Although the above may be an excellent exercise for building a big strong chest, does the bench press qualify as ‘functional’? It would surely be functional if you used the same ‘function’ of the bench press in real life…

I’m not convinced that the bench press actually qualifies as ‘functional’.

Football is a sport that hails praise to the sacred bench press. In dusty gyms everywhere you can hear the sound of manhood being challenged: “Hey dude – how much do you bench?”

If my goal is either fat loss or functional muscles, does it make sense to work the chest standing, since it would work more muscles (and be more functional)?

"Hey man, you have something on your helmet - let me rub that off that for you"

If an exercise is to provide “real world” results – be it strength, flexibility or sporting prowess, it should match (or at least come close to) our real world needs.

If we take a look at the picture of a typical football tackle, you will notice four major differences that stand out immediately compared to the bench pressing picture:

The football player trying to make the tackle is:

  1. Standing
  2. Not holding a bar
  3. Using more than just his chest muscles
  4. Wearing more clothes than the woman doing the bench press (maybe it’s just really warm in that particular gym.. I mean like, really warm)

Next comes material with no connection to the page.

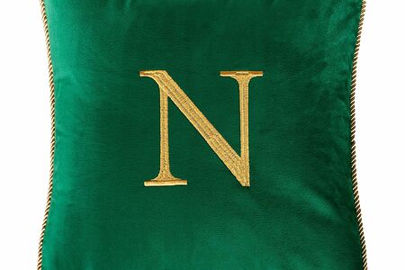 Декоративная односторонняя подушка из полиэстера зеленого цвета 40х40 см. с контрастным кантом и вышитой золотой буквой «N». Изделие из гипоаллергенного материала исключает появление пылевых клещей. Бархатная поверхность приятна на ощупь. Съёмный чехол на потайной молнии легко чистить и стирать. Плотный наполнитель хорошо держит форму, благодаря чему изделие не проминается и не деформируется. Подушка продолжает коллекцию Zolotoy Roy, в тандеме с остальными аксессуарами позволяет создать гармоничный интерьер в едином стиле.

How about your workout? Is it functional? Or do you think functional workouts are just for fancypants pilates instructors? Does it make sense that working more muscle at the same time would burn more fat?

All great questions to ponder.  You may love your workout, but when it comes down to it, shouldn’t your workout serve not only your aesthetic goals, but also your life goals?  This article attempts to look at just a few ways you might consider ‘tweaking’ things to suit you better.